Statistical field theory for dialectology
James Burridge
TL;DR
This work develops a mesoscopic statistical field theory for language evolution by coupling a stochastic state field describing variant frequencies with a latent bias field whose path probability is governed by an Onsager–Machlup prior. The model includes spatial interactions, social conformity, mutation, and a data-driven lifting construction that regularizes the bias field over space and time. Through inference on large-scale USA dialect data, the authors find evidence for surface-tension-like coarsening of dialect regions and quantify the bias field's half-life, enabling near-term predictions and insight into the drivers of change. The approach draws strong parallels with physical diffusion and interface dynamics, offering a principled framework to study language change and a path toward a physics-inspired theory of linguistics, while highlighting the need for richer state spaces and connectivity to enhance predictive power.
Abstract
Is it possible to develop a `physics of language' which can explain the spatial, temporal and social patterns we see, and which can predict future change like we forecast the weather? Such a theory is likely to involve ideas from statistical physics. A substantial literature already applies these ideas to language. However, we lack a model which can match the spatial-temporal detail of historical changes at the level of individual linguistic features, and which offers a principled mechanism to predict the future. Here we present a statistical field theory for the evolution of linguistic variables which takes steps to fill this gap. Linguistic variant frequencies are represented as a stochastic state field with spatial interaction and social conformity, coupled to a latent bias field with Onsager Machlup action that reduces overfitting to data.

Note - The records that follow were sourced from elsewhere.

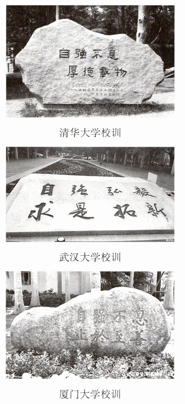 14. 校训是一个学校办学理念、治校精神的反映,也是校园文化建设的重要内容,更是教风、学风、校风的集中表现。以下校训共同勉励青少年 ()
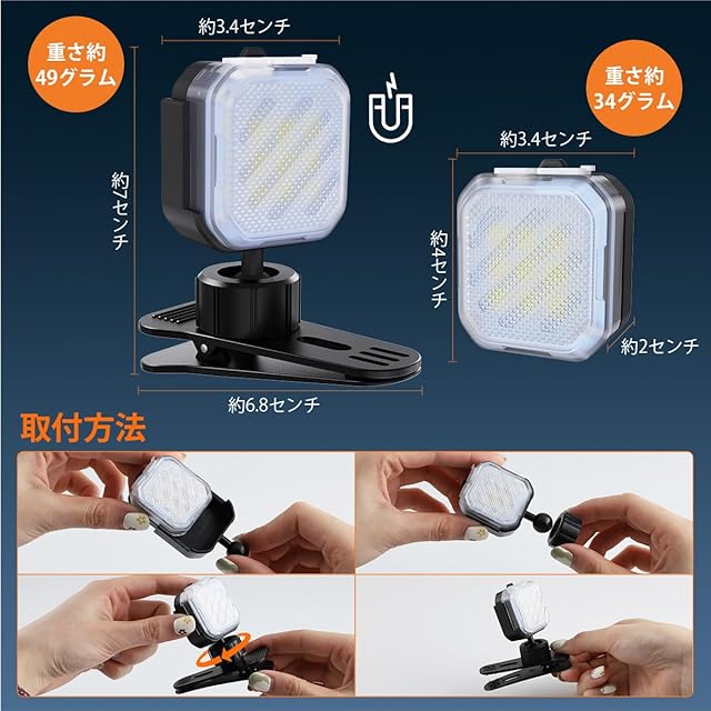 商品名:Futwod ランニングライト クリップライト マグネット式 8色 LED アウトドア 散歩ライト ウォーキング 犬 散歩 ジョギング ライト 補助灯 夜釣り キャンプ ハイキング キャップ 夜勤 自転車 汎用 照明ライト 角度調整可能
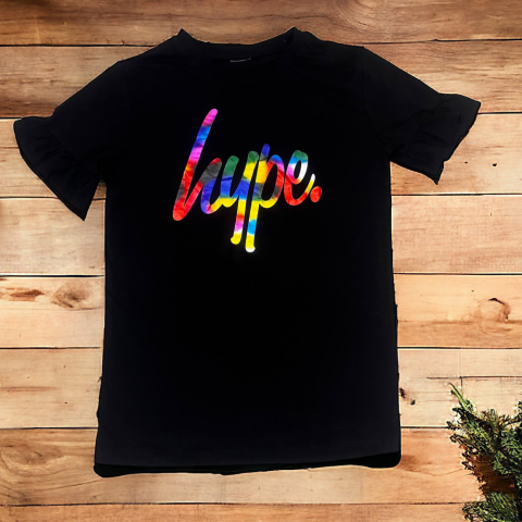 Ujja fodros, elején színátmenetes felirattal. Címke nélküli, vedd figyelembe a mért adatokat. mell:2x40cm hossz:58cm Hibátlan állapotú.
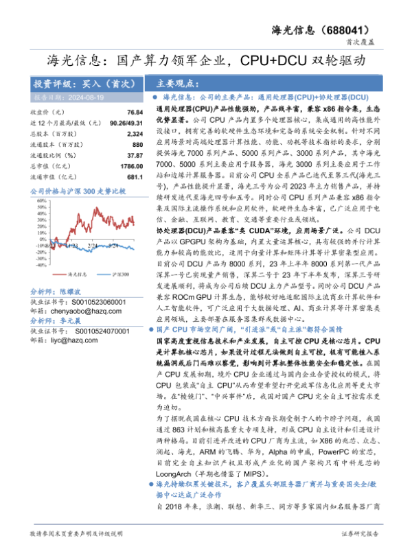 【华安证券】【20240819】海光信息(688041)首次覆盖:国产算力领军企业,CPU+DCU双轮驱动-30页 行业研究
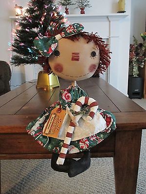 Christmas Raggedy Ann Type Doll, OOAK Folk Art Primitive, Artist Created
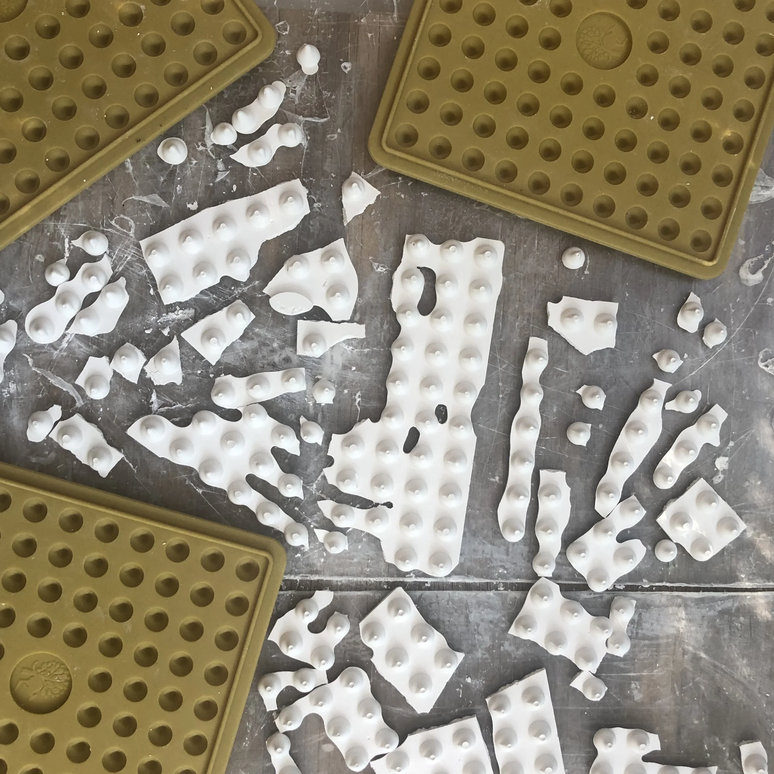 Wadding is most commonly used in salt, soda, and wood firing. It’s not usually a part of firing in an electric kiln, and I had never heard anyone in my ceramic circle talk about it. So it was a mystery to me. After some research, I decided to try two different recipes.
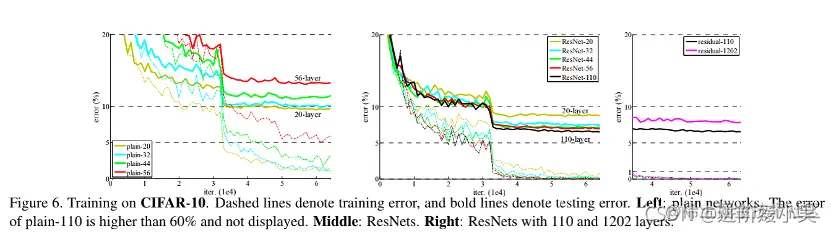4、作者测试了1000层的残差网络,测试结果比110层更差,但是训练误差却与110层相似,造成这种现象应该是过拟合,对于小型的数据集,1000多层的网络属于杀鸡牛刀了,如果真的需要用到这么深的网络,可能需要更强的正则化。
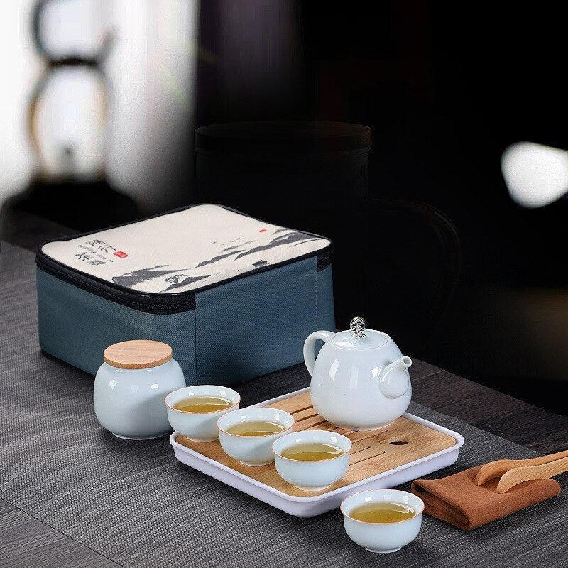 Elegant Portable Tea Set with Xishi Teapot - Serenity for Tea Lovers on the Move
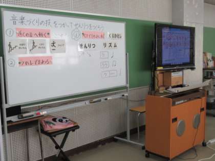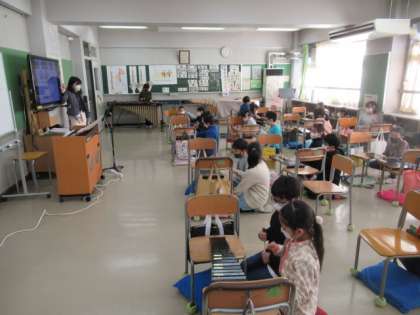 今日の4時間目の音楽室では、4年1組のみなさんが前時の学習に続いて「日本の音楽とつながろう」の学習に取り組んでいました。
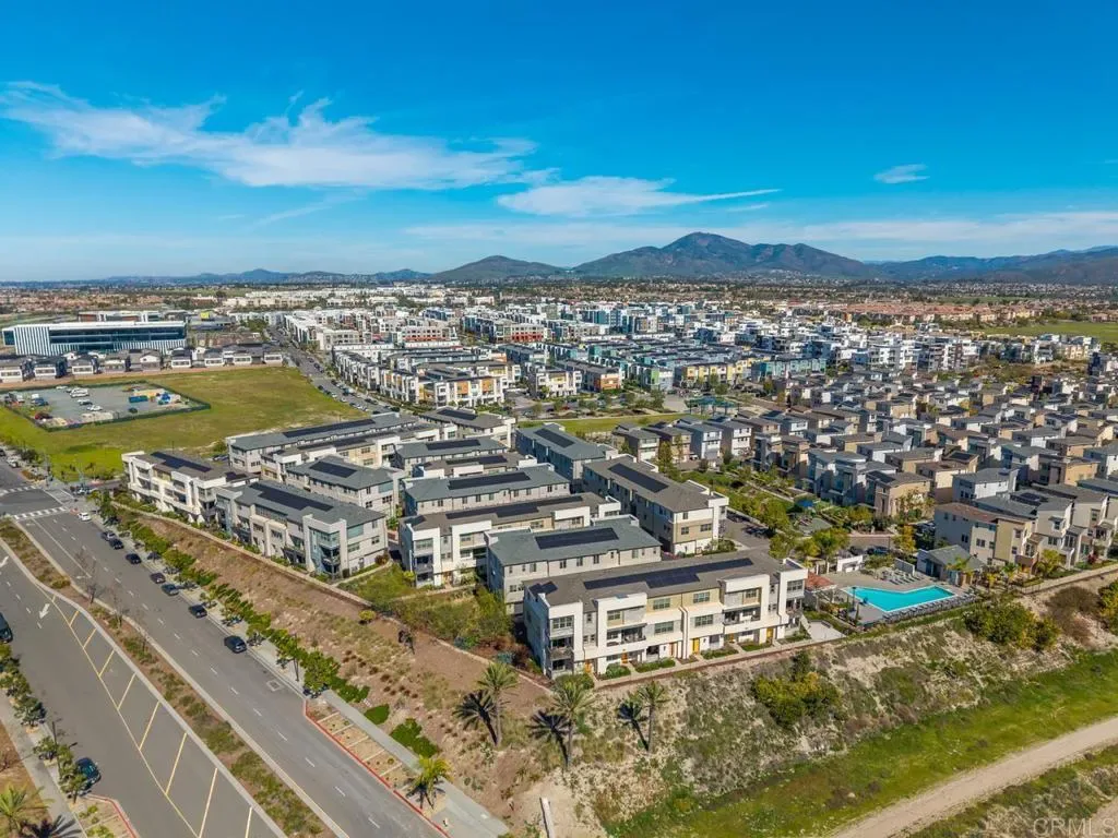 A sought-after Townhouse in the Boulevard at Millenia Neighborhood near the Otay Ranch Town Center with 4 bedrooms, 3 baths *** Be inspired by the open floor plan *** Living area to dining area to a well designed Kitchen with walk-in Pantry *** Central countertop provides additional seating area *** GE appliances sparkle *** The west facing Balcony brings fresh air & sunset views across rolling hills *** Seating area to enjoy the sun & a custom planter box to grow veggies & flowers *** The laundry is conveniently located on the 3rd level with 3 bedrooms *** 1st floor has a one bedroom suite with bathroom *** 2 car garage (notice the tankless water heater)*** Solar system to support air-conditioning & electric energy. Schools, Churches, Shopping & Professional services complete this Village-style living *** OPEN HOUSE 3/21/2026 SATURDAY 1PM-3PM
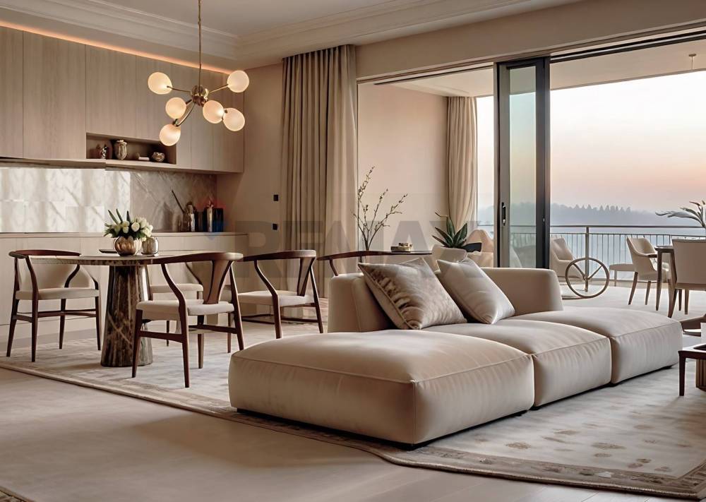 Lingresso si apre su unampia zona giorno doppia ed open space con cucina a vista, caratterizzata da grandi vetrate che collegano perfettamente linterno con lesterno. Il terrazzo, coperto e ben proporzionato, è pensato per accogliere una zona pranzo allaperto e un angolo relax.

We derive parameter inference procedures and demonstrate them using examples of large-scale dialect survey data from the twentieth century United States. The bias field has a characteristic half-life, which determines the horizon over which linguistic change can be predicted. Inferred model parameters provide evidence for surface-tension-driven coarsening of dialect regions, with population-density gradients exerting systematic forces on interfaces.